For the trial run, one of the local community members, Luis Macuna, offered to coordinate the project, faithfully leaning all the facets of papermaking from building the workshop to experimenting with fibers and design. He is now producing paper with three other workers, all of whom are excited by the prospects of exporting the paper. The original workers were men, because the women work in the fields from dawn to dusk, but the women have already begun to participate by collecting and preparing the raw materials.

The next phase of the project in fact will expands the small papermaking workshop goals is to have at least one member of the project more effective, both to make the project more effective and the community more cohesive.

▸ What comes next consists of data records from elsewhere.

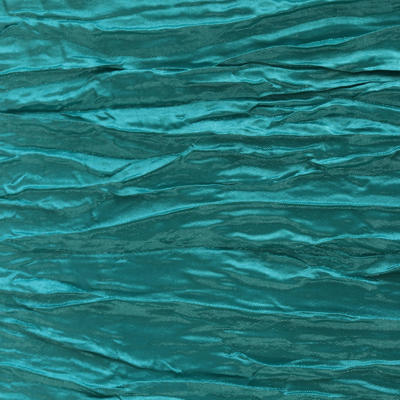 Unique, classy and sophisticated. This is how most people would describe our 90 x 132 inch Crinkle Taffeta Rectangular Tablecloths in teal. If you are styling a wedding or special event that calls for exquisite designs and modern elegance, our teal crinkle taffeta table linen for wedding reception tables will definitely fit the bill. When used to complement your wedding chair covers or as a wedding reception hall accent, the textured look of crushed or crinkle teal taffeta will definitely help make a stylish statement (TIP: You can go easy on other wedding decor). This taffeta tablecloth that fits 72 inch rectangle tables or 6 ft rectangular table sizes is one of our specialty linens here at Bridal Tablecloths.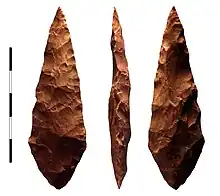 Bifacial silcrete point of early Homo sapiens, from M1 phase (71,000 BCE) layer of Blombos Cave, South Africa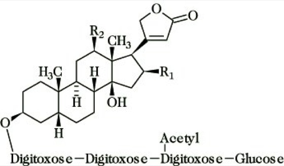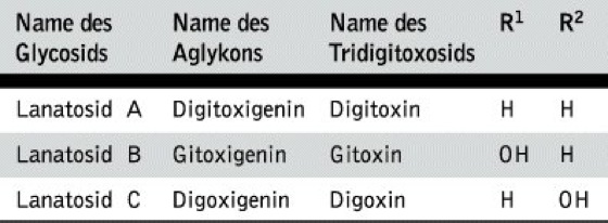 Die wichtigsten Verbindungen enthält die Tab. Zum Unterschied von den Purpureaglycosiden enthalten die primären L. (Lanatoside) eine Acetylgruppe am äußeren Digitoxoserest und kristallisieren besser. Enzymatisch kann der endständige Glucoserest leicht unter Bildung der Sekundärglycoside abgespalten werden. Meist wird das Glycosidgemisch durch zusätzliche milde alkalische Verseifung (Abspaltung der Acetylgruppe) zu den Tridigitoxosiden aufgearbeitet, von denen Digoxin die größte therapeutische Bedeutung besitzt. Bedeutung hat auch das Lanatosid C, das allerdings schwerer als Digoxin resorbiert wird. Über Wirkung Purpureaglycoside.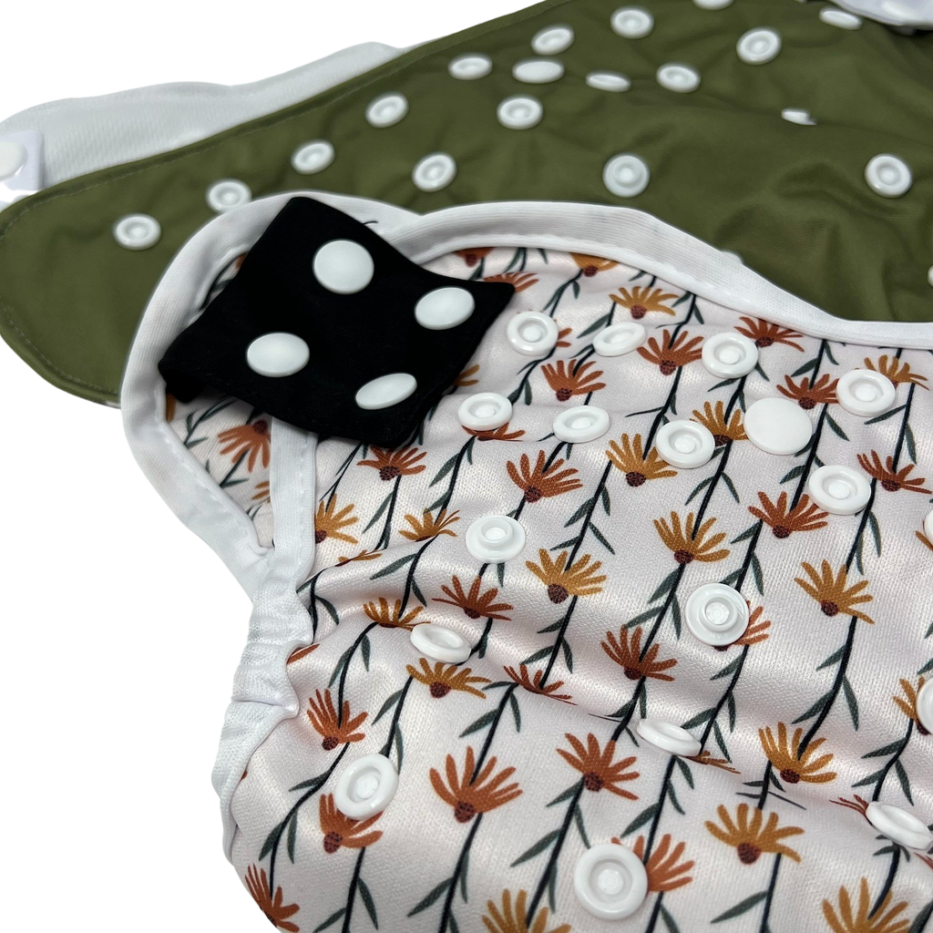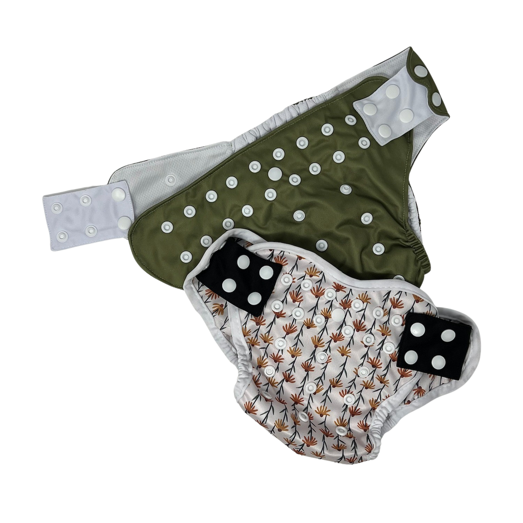 We love keeping inclusivity at the center of what we do at Stout House. That's why we have created our thoughtful and handy snap extenders! We know not everyone's diapering journey ends when they have outgrown their cloth. That's where these extenders come in. Made with the same high quality PUL that our diapers are made from, these ensure no moisture can escape. They're also fully equipped with our beloved matte snaps that extend the diaper up to two extra snap settings (six inches total with both extenders!).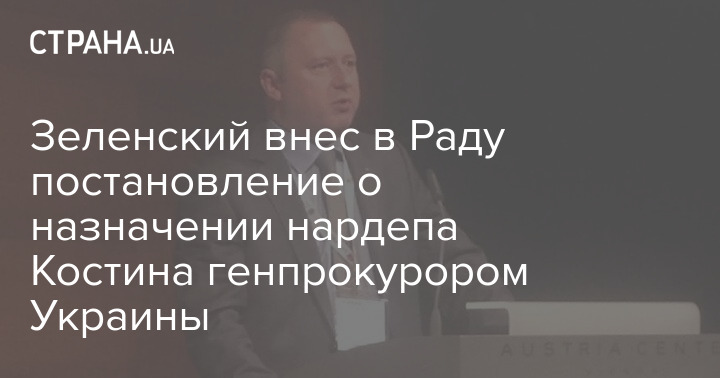 Президент Украины Владимир Зеленский 27 июля внес в Раду проект постановления о назначении главы правового комитета, нардепа "Слуги народа" Андрея Костина на должность генерального прокурора.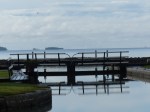 Zum frühen Abend hin schaut dann auch die Sonne wieder raus. Der Wind ist eingeschlafen (Toll, hätte er das nicht heute morgen in der Schleuse schon tun könnnen?). Das Regenwasser tropft von den vielen Bäumen herunter. Und es ist unglaublich still geworden. Nur vereinzelt rumpelt noch mal ein Auto über die nahe Brücke und ein Fischer tuckert mit seinem Einzylinder auf den Vänernsee raus. Auch ich drehe noch eine Runde durch das Hafen- und Schleusengelände. Punkt 1800 wird dann das Kanalbüro abgesperrt. Zum letzten Mal dieses Jahr. Ab morgen kann man den Kanal nur noch im festgelegten Konvoi passieren. Als Freizeitpark hat er dann ausgedient… Diese Szenerie stimmt versöhnlich. Es ist der perfekte Abschied. Die Saison ist vorbei, und der Kanal kommt zur Ruhe. Nur das Wasser plätschert wie immer durch die Schleusentore, die sich bis zum Eintreffen des ersten Konvois in 3 Tagen erstmal nicht bewegen werden. Schöner kann der Abschied vom Kanal wirklich nicht sein.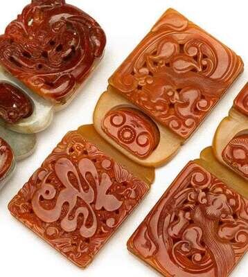 The two-part buckle carved to the raised and openwork faces with a coiling qilong dragon and a shou symbol surrounded by fu bats; with a stylized lingzhi hook.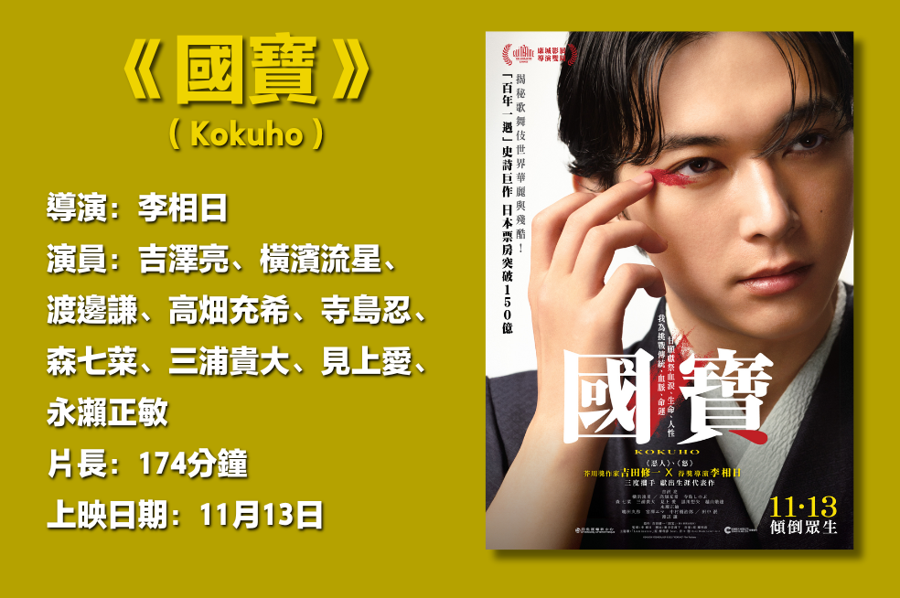 韓裔日籍導演李相日自1998年首齣導演作《青》開始,至今廿多年執導過多齣口碑之作,其中改編自日本芥川獎作家吉田修一的小說而拍成的《惡人》和《怒》,人物錯綜複雜的關係,帶來追看性之餘,也有著不少反思空間。今年李相日三度把吉田修一的作品影像化而拍成的《國寶》,既有著不少正評,更在日本本土票房創出佳績,上映五個月票房累積達166億日圓,有望挑戰真人電影史票房第一!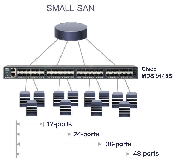 Customer Use Case: Customer will use the 9148S to design small SAN environments like departmental SANs. Larger Enterprises will use 9148S as ToR Switch for ease of cabling and ease of Management. In addition to that 9148S will be used for BC/DR or remote locations. Pay as you go model is very attractive to customers as it allows them to grow the port count from 12 to 48 without any price penalty as their network demands grow.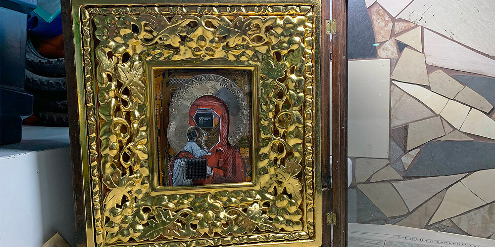 Экспонат «iКона» представляет собой образ Богородицы, собранный из старых микросхем и чипов. Активисты движения сочли, что он оскорбляет чувства верующих, и пожаловались в Следственный комитет и калужскому губернатору Владиславу Шапше.
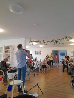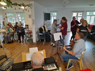 Unsere Bewohner, Tagesgäste und Mitarbeiter hatten sich vor dem Fest mächtig ins Zeug gelegt. Der Innenhof wurde liebevoll geschmückt, Sommerblumen wurden dekoriert, mit der tatkräftigen Unterstützung unserer Bewohner verschiedene Salate für das Fest geschnippelt und auch eine leckere Bowle wurde angesetzt. Leider meinte es der Wettergott an diesem Tag nicht gut mit uns, doch wir haben uns die Stimmung nicht vermiesen lassen und haben das Sommerfest kurzerhand in die Räumlichkeiten der Tagespflege verlegt.

The papermaking project helps the Macuna on other levels, for its promotes protection of the environment, cooperation among neighboring indigenous groups, and mutual support with other development initiativies. It genuinely integrates a concern for local economy well-being with environmental respect. "Native knowledge of the local flora has been essential for identifying the fiberrich plants with the greatest potential for making paper," according to Harlow. "The most plentiful and renewable, by far, is the yarumo. It is colonizer and is most common in secondary growth areas of the forest. From an environmental standpoint it is ideal."

Neighboring indigenous communities, such as the Yucuna and the Tanimuka, have also expressed strong interest in joining the papermaking project, and the workshop in Centro Providencia will serve as a model for these communities. Says Harlow, "There is a need for inter-community activity in order to unify the region. The more the indigenous groups are able to cooperate with each other on issues such as economic subsistence, health, and education, the better they are able to lobby for themselves."

The project also enjoys mutual support with other development initiatives in the community such as the Apaporis Health Project, founded in 1987 to confront epidemics such as malaria and acute respiratory infection. The health project has made its woodworking shop available to the paper workshop and has developed community training session, a useful model for training future papermakers. In return, funds generated by the papermaking project may be used to buy medicine for the health project.